'One day you look at your life and it has purpose. And someone that makes you feel very special. And friends. And it's like all of the sudden all of the time and pain that it took to get there...just doesn't matter anymore' -- Payton Sawyer, One Tree Hill
Came home early today, to avoid having overtime at work this week. Put under house arrested by waiting for the Geek Squad to come work on my LCD TV, I debated napping or being productive. No rest of the weary here, I decided to finish my essay for the Real Simple contest. The task was to write an essay that answered in 1500 words or less, 'When did you first realize that you had become a grown-up?'.
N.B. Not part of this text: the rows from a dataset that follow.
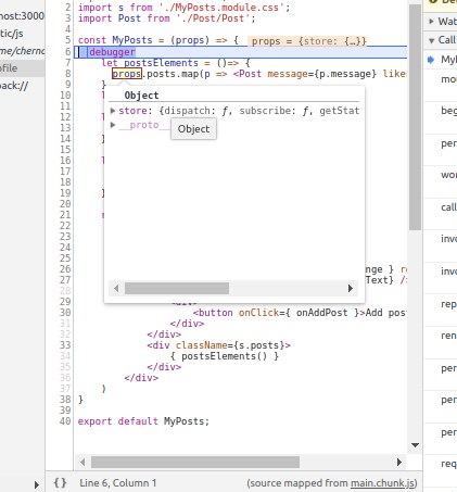 Тогда такой вопрос: при дебаггинге в Chrome навожу курсор на нужный элемент (props, posts и пр) и ничего не показывается. там же должно показываться значение во всплывающем облачке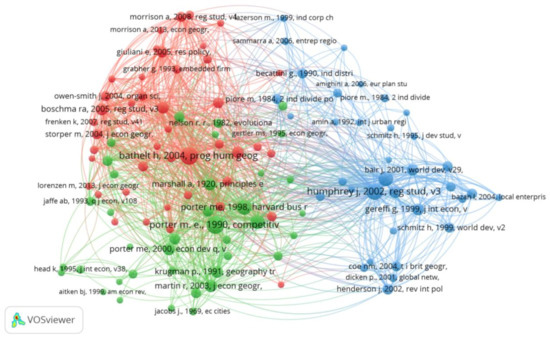 According to the analysis of the data, Bathelt H et al. [36], Porter ME [1], and Humphrey and Schmitz [37] were the top three co-cited documents. The number of citations and total links were (147, 1538), (141, 1351), and (117, 1210), respectively. It can be seen from the network patterns shown in Figure 4 that the circles corresponding to these three documents were the first among the three clusters (blue, green and red). Therefore, it can be affirmed that these three publications laid the foundation for the development of different research topics in the later internationalization of clusters. Subsequently, the number of references and total links to Krugman P [13], Marshall A [9], Jaffe AB et al. [38], Allen J Scott [2], Head K et al. [39], Jacobs J [40], and Porter M [15] were also ranked in the top 10, which jointly constructed the knowledge framework for research in the field of cluster internationalization. Table 1 shows the top 10 most frequently cited articles on cluster internationalization.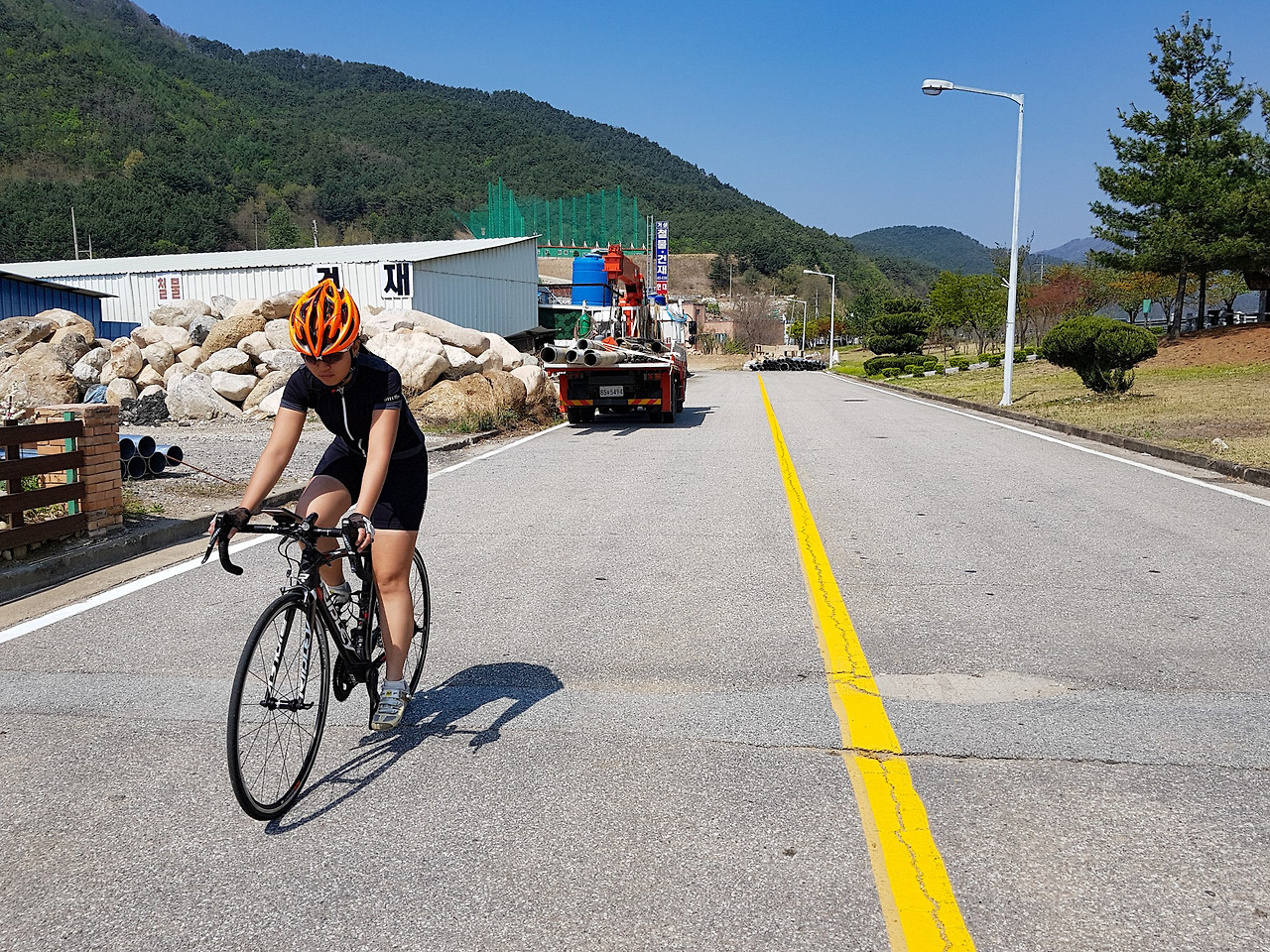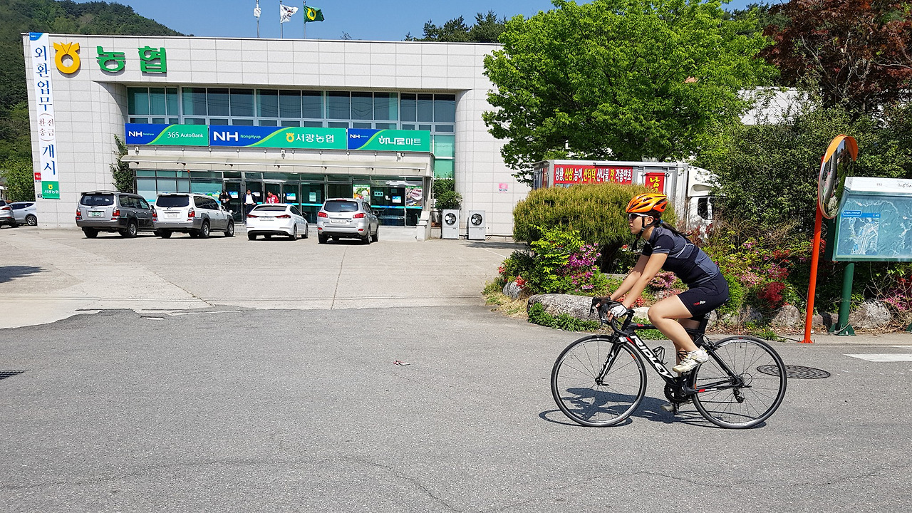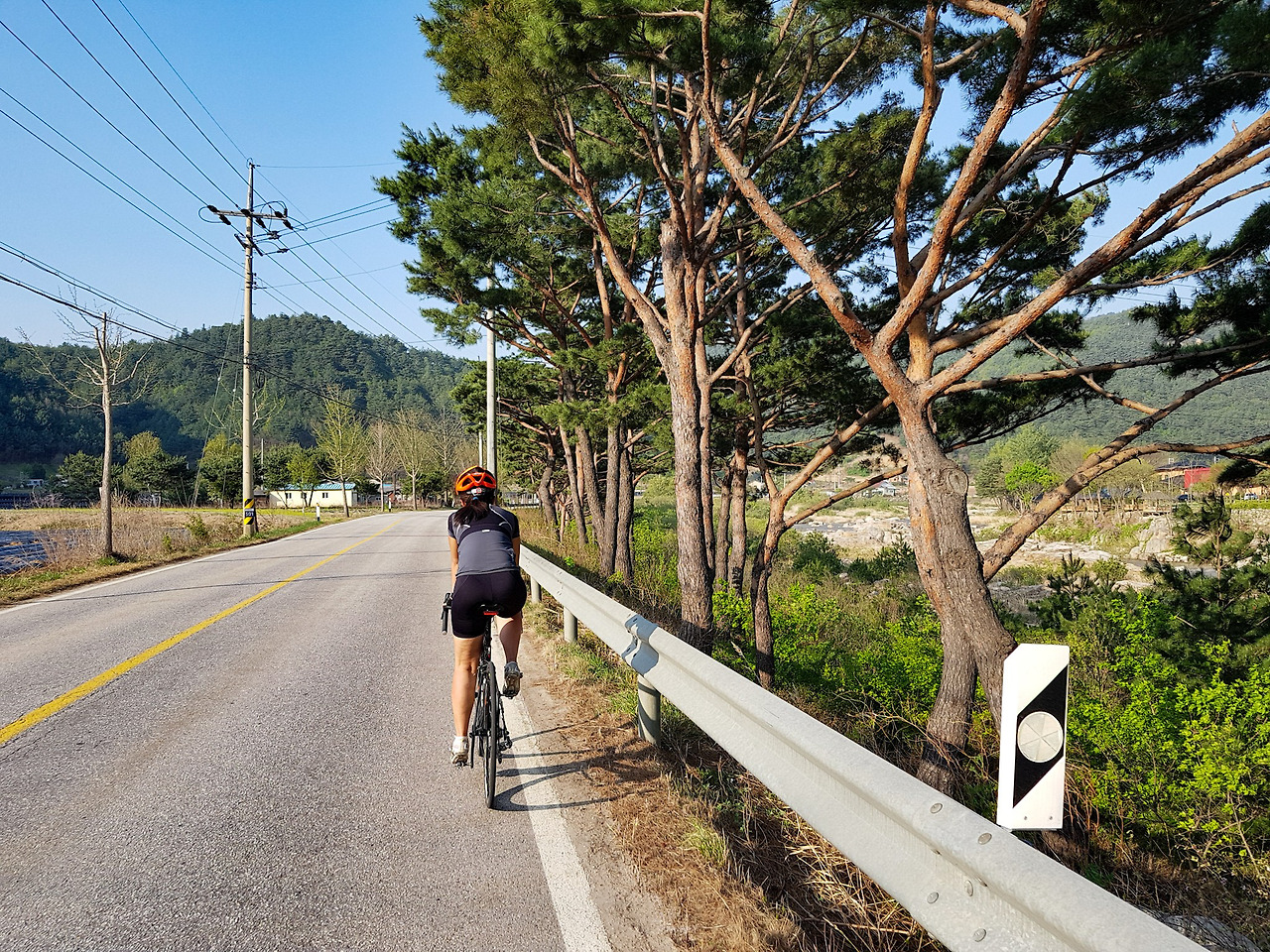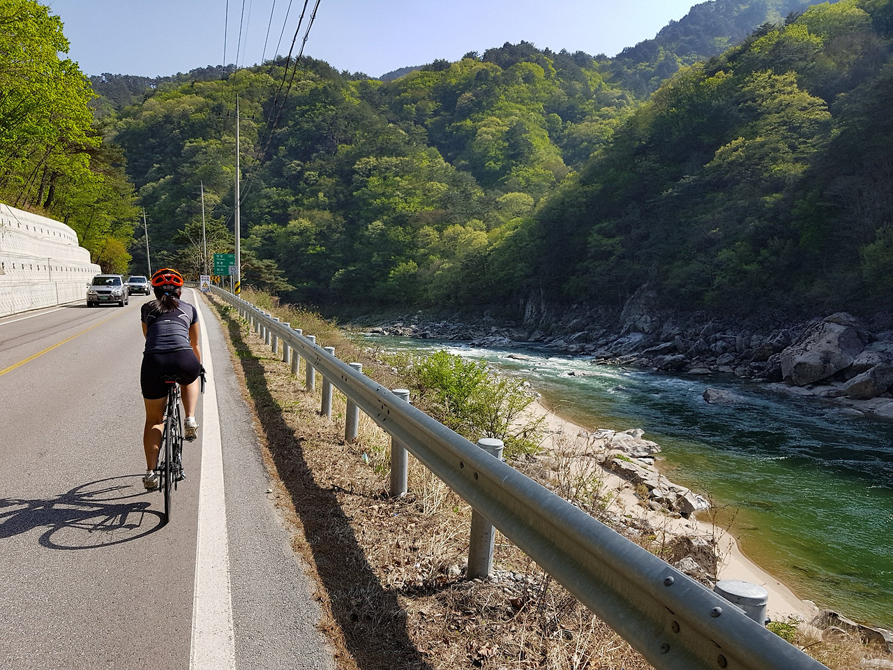 로드바이크로 달리기 무난한 자전거길로 소양강 상류인 북천을 따라 달린다. 길 건너 44번 국도에는 차들이 쌩쌩 달리지만 여기 자전거길은 여유롭다.

I had walked away from my essay over a week ago and thought nothing of it since. Reopening the document this afternoon to find that I had written my soul into that essay. I admit to being a somewhat sappy and sentimental writer to begin with (you should see my journals from middle and high school). This is different. There's a piece of me in this essay, one that is rarely if ever, shown to the world. When I reread it I was surprised, I hadn't seen it in the writing when I first put the words to page.
Great writing spans emotions, does it not? In a 1000 words you can see my heartbreak, courage, insecurities, and finally my triumphant success. Whether or not it will win over the judges of the contest, I won't know for months to come. To me however, the essay is already a prize-winning writing because I managed to put into words thoughts I have never successfully conveyed with my spoken words.
The contest isn't over until September but in the future I'll keep you posted. Also, if it doesn't get win, I'll post it here.